With the globalization of businesses has come the widening of supply chains and a significant increase in the number of partners a business works with to manage growing volumes. All of this has changed the complexity of the commercial transactions executed by the business manifold. Accounting, reconciliation, and settlements have thus become challenging and time-consuming affairs. Auditors, tasked by the business stakeholders to ensure that the financial statements prepared on the basis of the company’s accounts are correct, backed by a proper trail of documentation and comply with the legal, regulatory and accounting GAAP boundaries, are inundated with huge volumes of data. Despite technological advances, it is not possible for them, at any one point in time, to guarantee the veracity of all the accounts.

Blockchain, the technology underlying cryptocurrencies like Bitcoin, on the other hand, is known as a tamper-proof, distributed ledger that is shared across organizational boundaries, protected in a layer of cryptographic security. In private blockchains that are managed by a specific business entity or consortium, transactions are added as ‘blocks’ to the shared ledger, are made available to all parties on the blockchain at the same time, and are immutable.

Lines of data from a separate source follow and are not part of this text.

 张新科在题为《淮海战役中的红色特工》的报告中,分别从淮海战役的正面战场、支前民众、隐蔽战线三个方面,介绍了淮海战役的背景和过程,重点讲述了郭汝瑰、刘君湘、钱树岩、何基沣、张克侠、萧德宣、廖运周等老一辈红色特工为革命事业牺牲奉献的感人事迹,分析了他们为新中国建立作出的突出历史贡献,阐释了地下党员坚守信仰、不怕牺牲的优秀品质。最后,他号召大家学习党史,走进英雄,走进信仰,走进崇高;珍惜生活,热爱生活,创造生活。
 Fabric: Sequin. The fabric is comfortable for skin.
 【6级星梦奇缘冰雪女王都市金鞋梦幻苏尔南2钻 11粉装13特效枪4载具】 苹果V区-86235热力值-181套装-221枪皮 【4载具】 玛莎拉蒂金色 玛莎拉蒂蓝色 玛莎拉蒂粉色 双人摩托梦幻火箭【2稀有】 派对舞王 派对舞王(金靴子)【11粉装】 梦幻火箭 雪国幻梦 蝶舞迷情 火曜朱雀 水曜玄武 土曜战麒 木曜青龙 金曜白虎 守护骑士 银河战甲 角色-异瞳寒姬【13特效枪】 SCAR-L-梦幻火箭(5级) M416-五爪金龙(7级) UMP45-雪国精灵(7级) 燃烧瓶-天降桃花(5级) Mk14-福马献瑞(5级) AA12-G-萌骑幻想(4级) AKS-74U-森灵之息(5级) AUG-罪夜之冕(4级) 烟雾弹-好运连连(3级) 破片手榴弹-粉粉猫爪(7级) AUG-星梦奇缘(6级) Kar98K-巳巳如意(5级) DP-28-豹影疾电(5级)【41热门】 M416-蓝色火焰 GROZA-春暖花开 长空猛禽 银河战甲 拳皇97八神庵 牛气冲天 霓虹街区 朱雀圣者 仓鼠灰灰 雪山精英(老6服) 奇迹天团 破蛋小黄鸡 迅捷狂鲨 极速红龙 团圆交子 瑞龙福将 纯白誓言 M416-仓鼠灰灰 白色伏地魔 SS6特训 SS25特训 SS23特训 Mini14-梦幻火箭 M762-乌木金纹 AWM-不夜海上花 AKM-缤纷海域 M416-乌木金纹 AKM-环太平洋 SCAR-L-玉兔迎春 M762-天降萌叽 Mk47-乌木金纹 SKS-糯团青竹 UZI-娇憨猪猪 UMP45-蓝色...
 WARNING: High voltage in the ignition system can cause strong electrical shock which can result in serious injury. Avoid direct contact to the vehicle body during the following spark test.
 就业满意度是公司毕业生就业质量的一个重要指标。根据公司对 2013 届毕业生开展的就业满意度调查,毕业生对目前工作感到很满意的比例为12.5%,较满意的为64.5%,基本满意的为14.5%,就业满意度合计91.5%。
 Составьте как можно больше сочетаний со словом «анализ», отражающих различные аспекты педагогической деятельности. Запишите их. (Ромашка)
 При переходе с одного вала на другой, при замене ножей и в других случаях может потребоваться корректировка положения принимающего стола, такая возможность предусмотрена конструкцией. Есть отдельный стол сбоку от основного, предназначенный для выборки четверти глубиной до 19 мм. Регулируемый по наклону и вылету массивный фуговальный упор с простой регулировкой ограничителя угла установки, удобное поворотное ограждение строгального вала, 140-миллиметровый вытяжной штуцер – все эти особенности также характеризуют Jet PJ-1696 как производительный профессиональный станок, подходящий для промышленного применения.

Trust is built into blockchain through the validation mechanism, wherein each transaction is validated by designated ‘transaction validators’. The transactions are executed in accordance with ‘smart contracts’, further building trust in the validity of the entered data.

All of these are pretty revolutionary features, and manage to overcome organizational boundaries in data sharing, transparency, and trust. Supply chain, payments, land and property records, and insurance claims are today often spoken about as classic use cases for the application of blockchain technology in the business context and are seeing heavy investments by companies exploring the potential benefits.

How can blockchain lead to a paradigm shift in F&A?

Let’s Share

Today, for a single sale transaction, the buyer records the transaction in their system/ERP. This is repeated by the seller in their internal system/ERP, and the process is repeated for every accountable event in the transaction flow. Auditors audit the financial statements produced by these accounting events.

Let us consider a simple example: Company A sells goods to company B worth $ 10,000. This involves (at the very least):

  • Recording sales order in books of A and purchase order in books of B
  • Recording outward shipment of goods in books of A and
    inward receipt of goods in books of B.
  • Recording customer invoices in books of A and recording vendor invoice in books of B.
  • Recording outflow payment in books of B and inflow payment in books of A.

All the above transactions are backed by documentation, as well as approval, inspection and validation workflows.  Today, transactions are recorded and updated separately by company A and company B as the transaction flows through several stages. To know the real status of the transaction, follow-ups are required, usually through calls or emails or other channels. At every step of the transaction, accounting entries are updated in each company’s books of accounts. Auditors ascertain that the transactions are legit by scrutinizing the underlying documents and verifying the status with the other company.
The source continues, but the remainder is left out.